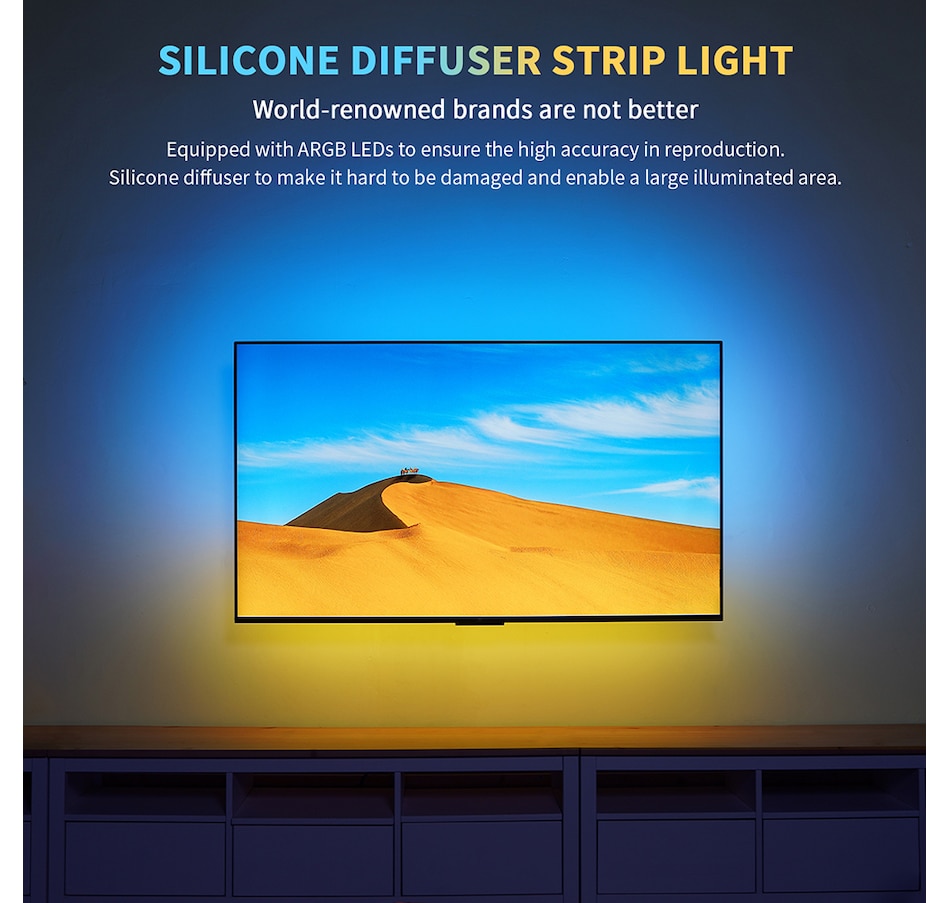 • The upgraded light strip is now equipped with a special designed silicone cover, enabling the light to shine a larger area due to an illumination angle shift from 90° to 45°
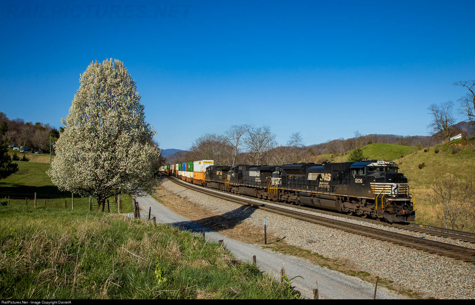 | Hotshot intermodal, NS 217, rushes up Christiansburg grade in Shawsville, Va with an ACe on point. |
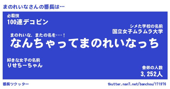 | ヘコむあだ名 | 『まのにゅー』『つくし』『まのっ子』 |
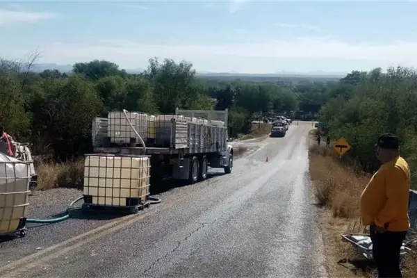 "Está el municipio de primera respuesta y nosotros vamos a apoyar la maniobra de trasvase y del derrame sobre la carretera, ya se solicitó una tonelada de cal también para contrarrestar el ácido, está en el tramo carretero a la presa, ahorita está trabajando bomberos El Fuerte y Bomberos de El Carrizo para la delimitación del área, ya llegó el equipo de trasvase también, afortunadamente no cayó al agua, es de El Fuerte a El Carrizo", informó.
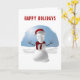 Glada helger-text som kan anpassas av dig. En rolig snöman med dödskalle-huvud som bär på Santa hatt och halsduk. Med en snöig bakgrund.
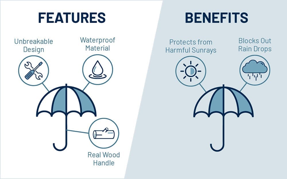 • A feature of a laptop might be “lightweight design,” while the benefit is the convenience of carrying it anywhere without strain.
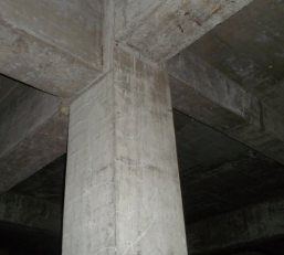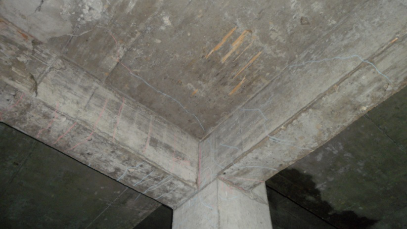 我所技術人員于2013年7月赴現場進行了檢測,檢測結果表明,車庫中心位置上浮位移值最大,上浮后柱底最大高層超過20cm。框架柱在上浮位移產生的附加軸力及附加彎矩的作用下,產生了開裂及壓碎現象(圖3、圖4)??蚣芰憾藗让娌砍霈F了剪切斜裂縫、梁端底部出現水平裂縫(圖5),特別是車庫與高層住宅交界位置,梁端開裂較為明顯。在車庫頂梁板與車庫外周擋土墻交界位置處附加彎矩的作用下,除梁端裂縫外,擋土墻在梁底標高以下位置出現通長水平裂縫。沿車庫平面跨中位置車庫平面縱向,車庫頂板出現兩條通長裂縫;車庫入口處沿車庫平面橫向,車庫頂板同樣出現兩條通長裂縫,頂板裂縫均與上浮位移較大軸線相對應。
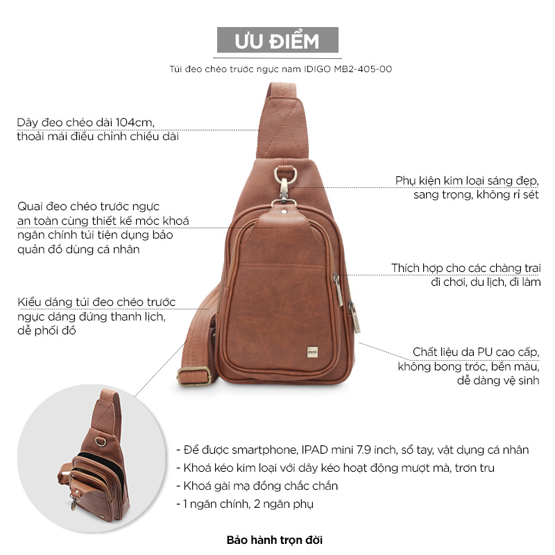 Với phom túi đứng cùng dáng túi đa dạng, thiết kế chi tiết móc khoá cùng ngăn ngoài mặt trước có khoá kéo ở miệng túi mang lại sự tiện lợi và an toàn cho người dùng, túi có quai đeo dài, gọn nhẹ lại rất hữu dụng với ngăn chứa rộng rãi ắt hẳn sẽ khiến cho các tín đồ yêu thời trang muốn sở hữu ngay lần gặp đầu tiên. Thấu hiểu được tâm tư của các chàng, IDIGO cho ra mắt sản phẩm Túi đeo chéo trước ngực nam IDIGO MB2-405-00.
════
What you need to do >> Restate word for word the lines of the data above that begin at the line with "Glada helger-text som" and end at the line with "anywhere without strain.", keeping both ends and dropping every picture.

Solution to the exercise >>
 Glada helger-text som kan anpassas av dig. En rolig snöman med dödskalle-huvud som bär på Santa hatt och halsduk. Med en snöig bakgrund.
 • A feature of a laptop might be “lightweight design,” while the benefit is the convenience of carrying it anywhere without strain.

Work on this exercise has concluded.